_PROMPT_:
Down to the last line below, repeat the entries word for word and drop the pictures.

[Data excerpts]
***

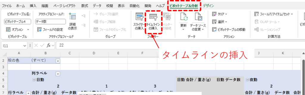1.ピボットテーブルを選択した状態で、『ピボットテーブル分析』タブの『フィルター』セクションにある『タイムラインの挿入』をクリックします。
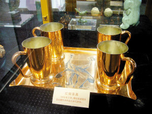 在展覽中,1974年2月贊比亞總統(tǒng)卡翁達(dá)贈(zèng)送給中共中央主席毛澤東的紅銅茶具意義非凡。茶具有一盤(pán)四杯,由紅銅制成。贊比亞銅儲(chǔ)量約占世界銅儲(chǔ)量的15%,人均銅產(chǎn)量位居世界第一,贊比亞因此有“銅礦國(guó)”之稱。有鑒于銅制品最能體現(xiàn)國(guó)家和民族特色,贊比亞領(lǐng)導(dǎo)人把銅制工藝品作為贈(zèng)送外國(guó)領(lǐng)導(dǎo)人的首選禮品。
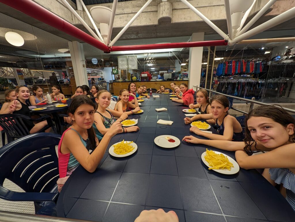 Das Jahr endete für die Mädchenriege mit gleich zwei Schlussturnen. Zum ersten Mal nahm die Mädchenriege am Jugi-Schlussturnen teil. Am Mittwoch veranstalteten wir unser eigenes Schlussturnen im Hallenbad, bei dem wir uns nach den ganzen Anstrengungen und unseren Bemühungen, die Leiter ins Wasser zu schupsen, mit Pommes stärkten und gemeinsam das erfolgreiche Jahr ausklingen liessen.
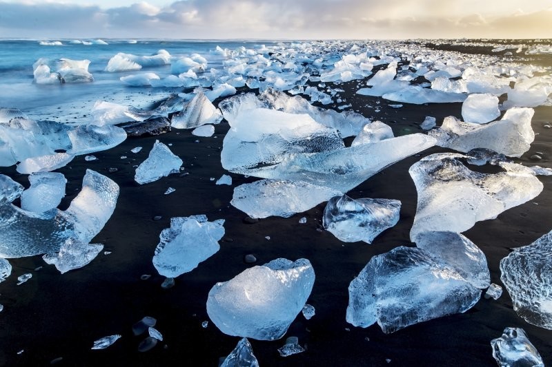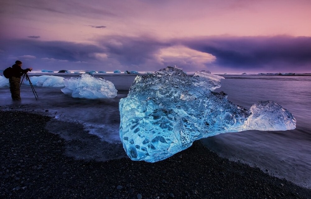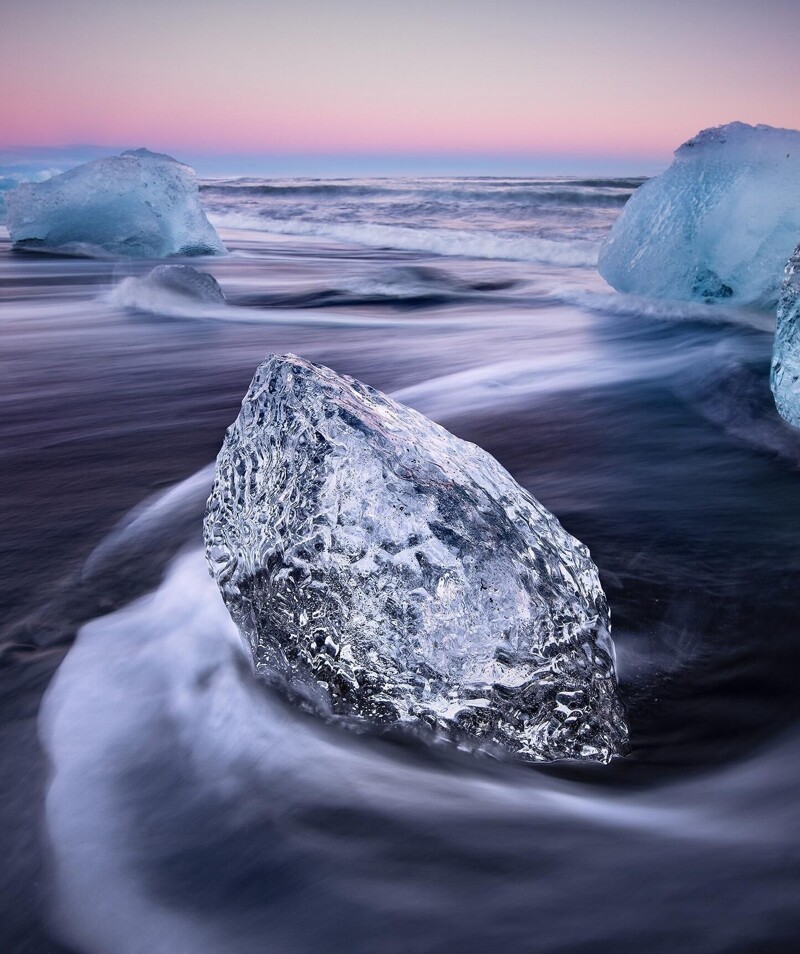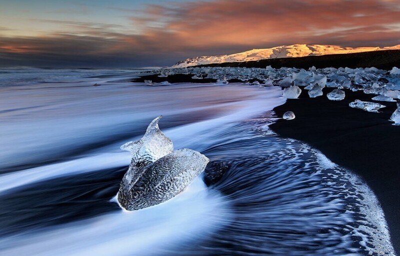 Дивовижний пляж Даймонд-Біч, вигляд якого змінюється трохи чи не щодня, знаходиться в Ісландії неподалік льодовика Брейдамеркурйокюдль і льодовикової лагуни Єкюльсаурлоун.
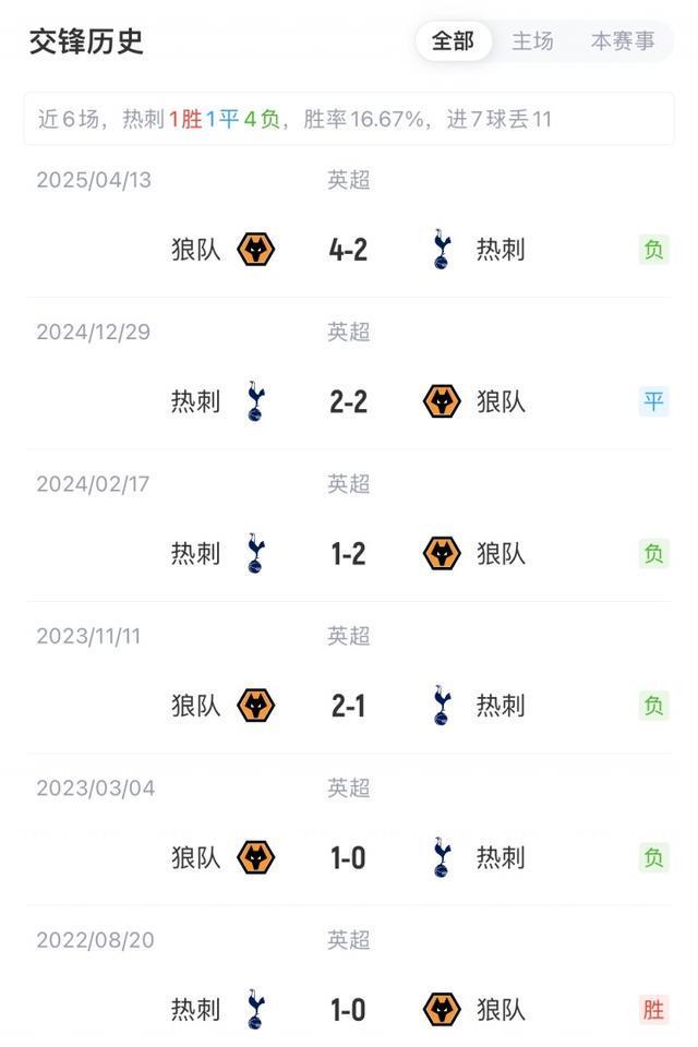 热刺杀手热刺与狼队交手已连续6场不胜,狼队5连败后送其首分
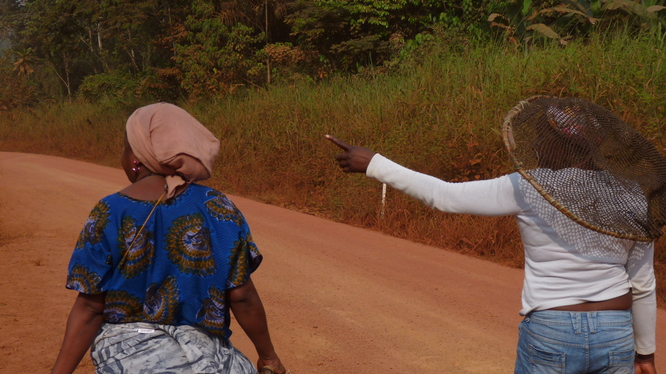 La forêt environnante où se tient le projet s’étend sur 3km linéaire en bordure de piste en latérite, et s’enfonce sur environ 13 km dans la jungle.
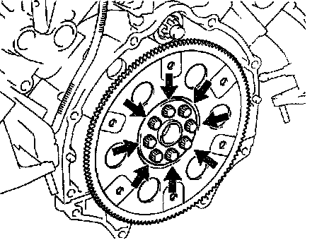 c. Hold the crankshaft pulley bolt with a wrench, and remove the 6 bolts.
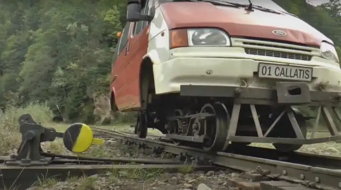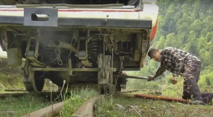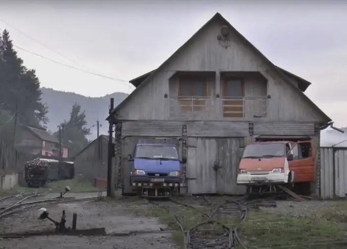 Но вместо того, чтобы разобрать эти рельсы и сдать их на металлолом, они решили построить здесь ж/д депо в виде сарая. И как можно видеть, их подвижной состав состоит из двух переделанных под езду по рельсам фургонов Форд Транзит.
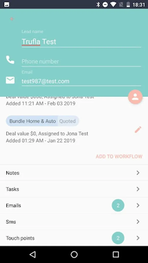 ● Create new leads, add them to workflows, and even assigned them other team members.
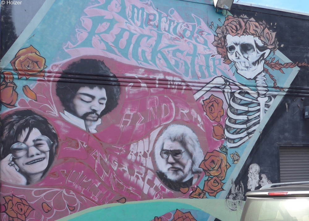Auf diesem Wandgemälde ist neben Jerry Garcia auch Janis Joplin und Jimi Hendrix abgebildet. Den Totenkopf findet man im Original auf dem Plattencover einer Grateful Dead LP aus dem Jahr 1971.
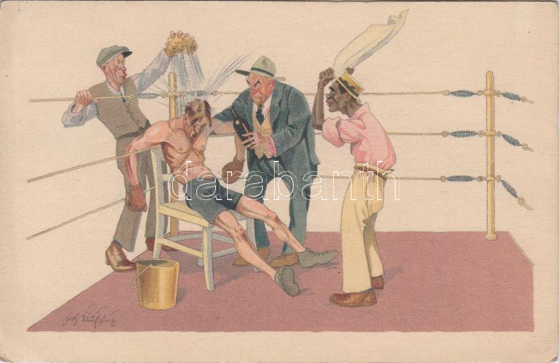 Box match, humour, black man, B.K.W.I. 278-1. s: Schönpflug
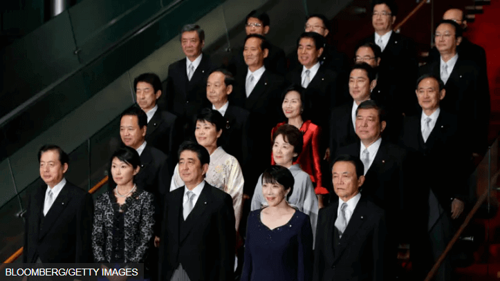 Sanae Takaichi (hàng đầu tiên, thứ 2 từ phải sang) được cố thủ tướng Nhật Bản Shinzo Abe bổ nhiệm làm Bộ trưởng Nội vụ và Truyền thông vào năm 2014 - Bloomberg/Getty Images

***

_OUTPUT FOR THIS EXERCISE_:
1.ピボットテーブルを選択した状態で、『ピボットテーブル分析』タブの『フィルター』セクションにある『タイムラインの挿入』をクリックします。
 在展覽中,1974年2月贊比亞總統(tǒng)卡翁達(dá)贈(zèng)送給中共中央主席毛澤東的紅銅茶具意義非凡。茶具有一盤(pán)四杯,由紅銅制成。贊比亞銅儲(chǔ)量約占世界銅儲(chǔ)量的15%,人均銅產(chǎn)量位居世界第一,贊比亞因此有“銅礦國(guó)”之稱。有鑒于銅制品最能體現(xiàn)國(guó)家和民族特色,贊比亞領(lǐng)導(dǎo)人把銅制工藝品作為贈(zèng)送外國(guó)領(lǐng)導(dǎo)人的首選禮品。
 Das Jahr endete für die Mädchenriege mit gleich zwei Schlussturnen. Zum ersten Mal nahm die Mädchenriege am Jugi-Schlussturnen teil. Am Mittwoch veranstalteten wir unser eigenes Schlussturnen im Hallenbad, bei dem wir uns nach den ganzen Anstrengungen und unseren Bemühungen, die Leiter ins Wasser zu schupsen, mit Pommes stärkten und gemeinsam das erfolgreiche Jahr ausklingen liessen.
 Дивовижний пляж Даймонд-Біч, вигляд якого змінюється трохи чи не щодня, знаходиться в Ісландії неподалік льодовика Брейдамеркурйокюдль і льодовикової лагуни Єкюльсаурлоун.
 热刺杀手热刺与狼队交手已连续6场不胜,狼队5连败后送其首分
 La forêt environnante où se tient le projet s’étend sur 3km linéaire en bordure de piste en latérite, et s’enfonce sur environ 13 km dans la jungle.
 c. Hold the crankshaft pulley bolt with a wrench, and remove the 6 bolts.
 Но вместо того, чтобы разобрать эти рельсы и сдать их на металлолом, они решили построить здесь ж/д депо в виде сарая. И как можно видеть, их подвижной состав состоит из двух переделанных под езду по рельсам фургонов Форд Транзит.
 ● Create new leads, add them to workflows, and even assigned them other team members.
Auf diesem Wandgemälde ist neben Jerry Garcia auch Janis Joplin und Jimi Hendrix abgebildet. Den Totenkopf findet man im Original auf dem Plattencover einer Grateful Dead LP aus dem Jahr 1971.
 Box match, humour, black man, B.K.W.I. 278-1. s: Schönpflug
 Sanae Takaichi (hàng đầu tiên, thứ 2 từ phải sang) được cố thủ tướng Nhật Bản Shinzo Abe bổ nhiệm làm Bộ trưởng Nội vụ và Truyền thông vào năm 2014 - Bloomberg/Getty Images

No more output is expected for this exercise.